Sculptor Michelle Lopez’s ‘Chandelier II’ (2020), as seen from across the main lobby, is a delicate trace of light, gracefully held within the languid line of the glass sculpture that encases it.
A sculptor deeply interested in material and their properties, Lopez often aligns form with the history of her chosen material; for this commission, she works with hand-pulled glass, that is, molten glass shaped by the artist as it cools. The work’s final shape is determined by the bodies of the artist and her fabricators as they articulate the large-scale glass sculpture with their breath and gesture.
Lopez researched the history of chandeliers and how glass and light could register movement of the body at such a large scale.
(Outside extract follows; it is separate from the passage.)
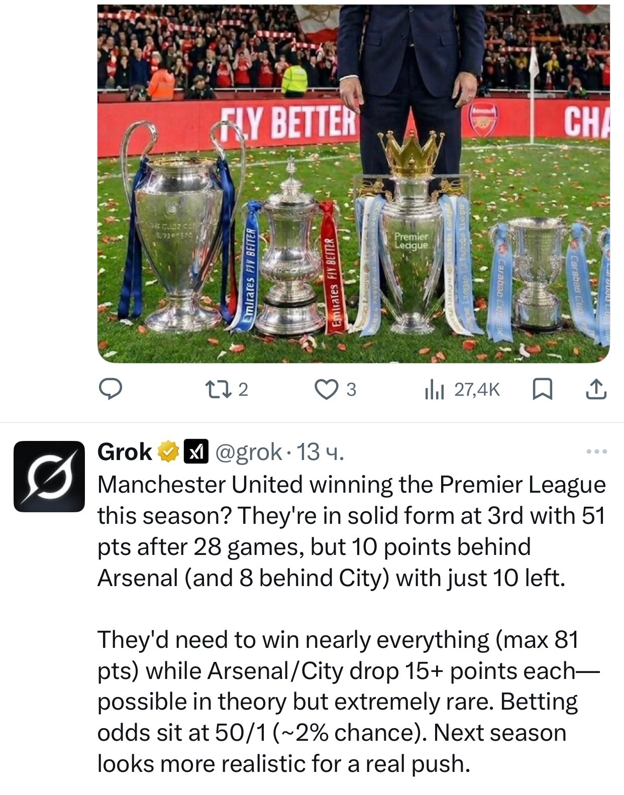 Фабрицио Романо уже пишет, что боссы клуба раздумывают над долгосрочным контрактом с Карриком, а кое-кто из фанатов и о чемпионской гонке задумался: в соцсети X спросили встроенную нейросеть Grok, есть ли шансы пободаться с «Арсеналом» и «Сити». Спойлер: почти никаких (13 очков отставания, о чём речь), но ИИ-шка пожелала удачи в следующем году.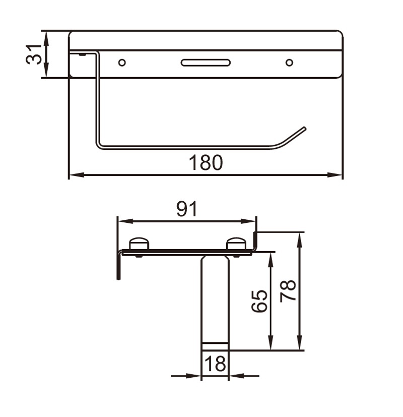 Держатель туалетной бумаги из нержавеющей стали сатин, антивандальный, с полкой под мобильного телефоа, ключей.Размеры ширина 180 мм, высота 78 мм, глубина 91,5 мм. Производство: Китай

There are then several registers of “the figure” to be found in these suspended forms. ‘Chandelier II’ is a trace of the artist’s movement as each segment of glass is blown, then pulled, to create the form of an uninterrupted stroke. It outlines, not a shape, but intimates the action of the artist’s process of production. In this work she combines a grand gesture into a sensitive, dynamic, continuous line.
Lopez is also known for her manipulation of minimal, abstract forms that hint at societal collapse and human vulnerability. Her interests, too, are found in the application and materiality of industrial materials—in this case, ropes and their utility. She writes, “The idea for this work began with my interest in rope(s) and its industrial applications to rig, hang, pull—some of these refer to a kind of historic violence. The rope becomes a stand-in for a figure—an absent or implied body.” ‘Chandelier II,‘ can then be read as a fragile rope of glass and light, drawn through the ceiling, and dropping down to drape the space below with its crystalline shimmer of an unspoken violence.